» **Input material**
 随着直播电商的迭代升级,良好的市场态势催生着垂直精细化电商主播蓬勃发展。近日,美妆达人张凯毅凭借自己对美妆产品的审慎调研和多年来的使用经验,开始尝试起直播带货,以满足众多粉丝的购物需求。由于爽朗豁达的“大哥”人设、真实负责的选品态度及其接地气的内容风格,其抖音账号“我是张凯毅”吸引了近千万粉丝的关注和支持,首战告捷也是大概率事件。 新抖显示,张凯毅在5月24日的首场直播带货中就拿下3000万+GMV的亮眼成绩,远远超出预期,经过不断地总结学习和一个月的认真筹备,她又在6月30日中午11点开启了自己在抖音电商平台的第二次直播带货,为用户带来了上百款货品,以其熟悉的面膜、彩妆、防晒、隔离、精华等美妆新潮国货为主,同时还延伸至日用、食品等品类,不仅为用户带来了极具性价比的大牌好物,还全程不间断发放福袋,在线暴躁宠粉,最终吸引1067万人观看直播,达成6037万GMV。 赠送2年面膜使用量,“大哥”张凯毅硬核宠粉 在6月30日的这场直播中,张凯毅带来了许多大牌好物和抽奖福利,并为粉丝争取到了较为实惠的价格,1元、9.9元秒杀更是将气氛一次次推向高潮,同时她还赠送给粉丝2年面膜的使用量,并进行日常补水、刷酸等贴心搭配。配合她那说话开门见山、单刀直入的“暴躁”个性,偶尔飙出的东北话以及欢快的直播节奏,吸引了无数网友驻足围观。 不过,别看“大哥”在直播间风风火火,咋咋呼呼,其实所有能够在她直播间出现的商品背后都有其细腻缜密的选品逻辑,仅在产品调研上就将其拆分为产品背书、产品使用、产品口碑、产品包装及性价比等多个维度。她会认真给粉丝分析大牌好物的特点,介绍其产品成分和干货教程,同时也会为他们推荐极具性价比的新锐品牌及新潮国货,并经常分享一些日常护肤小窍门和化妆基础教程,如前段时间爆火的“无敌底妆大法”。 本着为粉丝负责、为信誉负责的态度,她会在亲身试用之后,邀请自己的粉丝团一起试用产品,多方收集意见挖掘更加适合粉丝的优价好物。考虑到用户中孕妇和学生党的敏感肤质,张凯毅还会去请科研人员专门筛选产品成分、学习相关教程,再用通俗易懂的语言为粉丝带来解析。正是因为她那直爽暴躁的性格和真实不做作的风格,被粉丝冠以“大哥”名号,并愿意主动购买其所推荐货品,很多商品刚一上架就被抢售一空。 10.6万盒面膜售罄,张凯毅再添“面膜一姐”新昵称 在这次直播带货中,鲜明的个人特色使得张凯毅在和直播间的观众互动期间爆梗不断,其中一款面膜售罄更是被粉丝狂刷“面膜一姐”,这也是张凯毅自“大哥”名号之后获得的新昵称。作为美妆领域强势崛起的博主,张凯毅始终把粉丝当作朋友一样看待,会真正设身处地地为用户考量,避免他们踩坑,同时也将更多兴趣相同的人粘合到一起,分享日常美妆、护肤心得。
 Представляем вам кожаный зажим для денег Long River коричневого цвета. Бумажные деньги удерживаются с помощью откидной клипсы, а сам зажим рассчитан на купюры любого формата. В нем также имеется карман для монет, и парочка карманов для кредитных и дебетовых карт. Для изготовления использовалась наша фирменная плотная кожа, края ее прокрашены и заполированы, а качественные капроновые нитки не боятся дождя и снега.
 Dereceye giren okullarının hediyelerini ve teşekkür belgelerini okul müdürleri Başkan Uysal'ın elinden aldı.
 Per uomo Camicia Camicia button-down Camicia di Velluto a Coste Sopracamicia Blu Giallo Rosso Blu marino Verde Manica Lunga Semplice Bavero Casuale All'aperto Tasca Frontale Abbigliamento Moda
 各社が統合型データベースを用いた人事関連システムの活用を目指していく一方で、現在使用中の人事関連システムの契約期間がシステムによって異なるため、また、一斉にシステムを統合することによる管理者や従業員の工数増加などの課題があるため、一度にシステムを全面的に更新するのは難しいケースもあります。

* * *

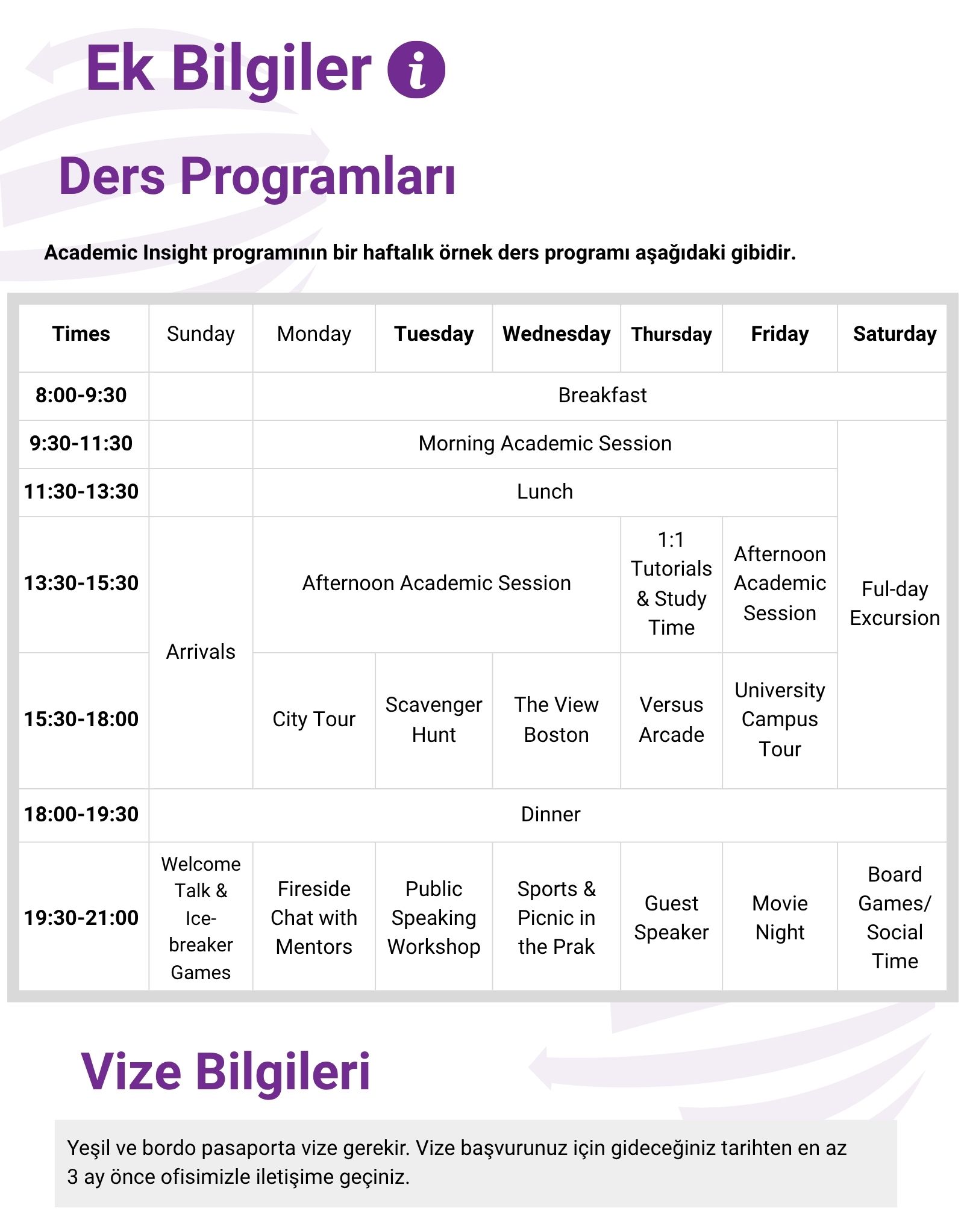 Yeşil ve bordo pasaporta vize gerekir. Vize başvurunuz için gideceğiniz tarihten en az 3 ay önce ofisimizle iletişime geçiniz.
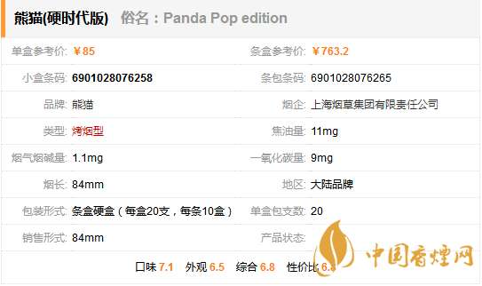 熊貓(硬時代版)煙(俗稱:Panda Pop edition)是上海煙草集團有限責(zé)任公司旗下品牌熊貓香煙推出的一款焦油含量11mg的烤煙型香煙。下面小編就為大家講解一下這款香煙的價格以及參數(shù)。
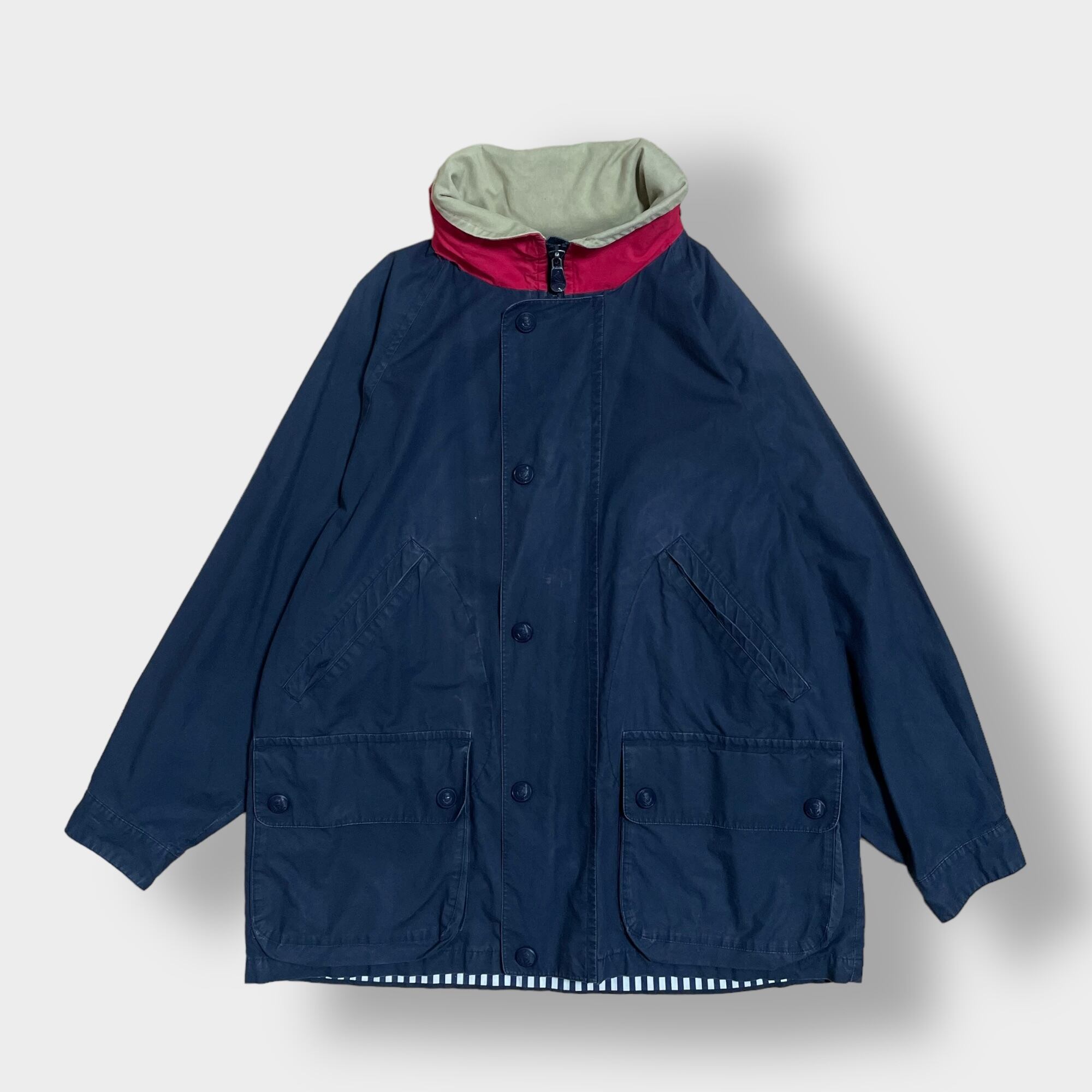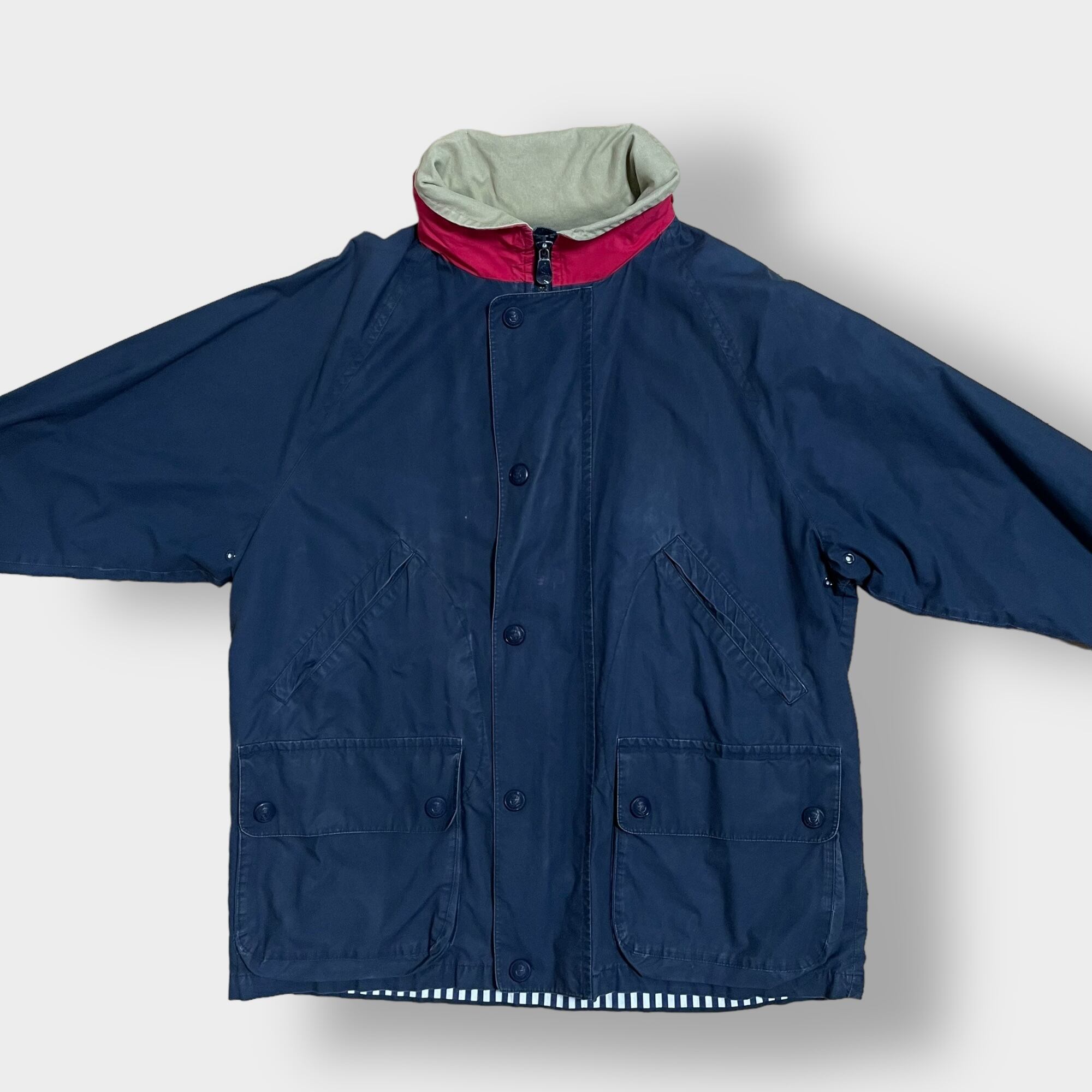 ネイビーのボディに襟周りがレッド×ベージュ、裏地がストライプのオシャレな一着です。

» **Task details**
Give the exact lines, and only those, from the line containing "Dereceye giren okullarının" through the line containing "各社が統合型データベースを用" in the entries above.

» **Solved exercise**
 Dereceye giren okullarının hediyelerini ve teşekkür belgelerini okul müdürleri Başkan Uysal'ın elinden aldı.
 Per uomo Camicia Camicia button-down Camicia di Velluto a Coste Sopracamicia Blu Giallo Rosso Blu marino Verde Manica Lunga Semplice Bavero Casuale All'aperto Tasca Frontale Abbigliamento Moda
 各社が統合型データベースを用いた人事関連システムの活用を目指していく一方で、現在使用中の人事関連システムの契約期間がシステムによって異なるため、また、一斉にシステムを統合することによる管理者や従業員の工数増加などの課題があるため、一度にシステムを全面的に更新するのは難しいケースもあります。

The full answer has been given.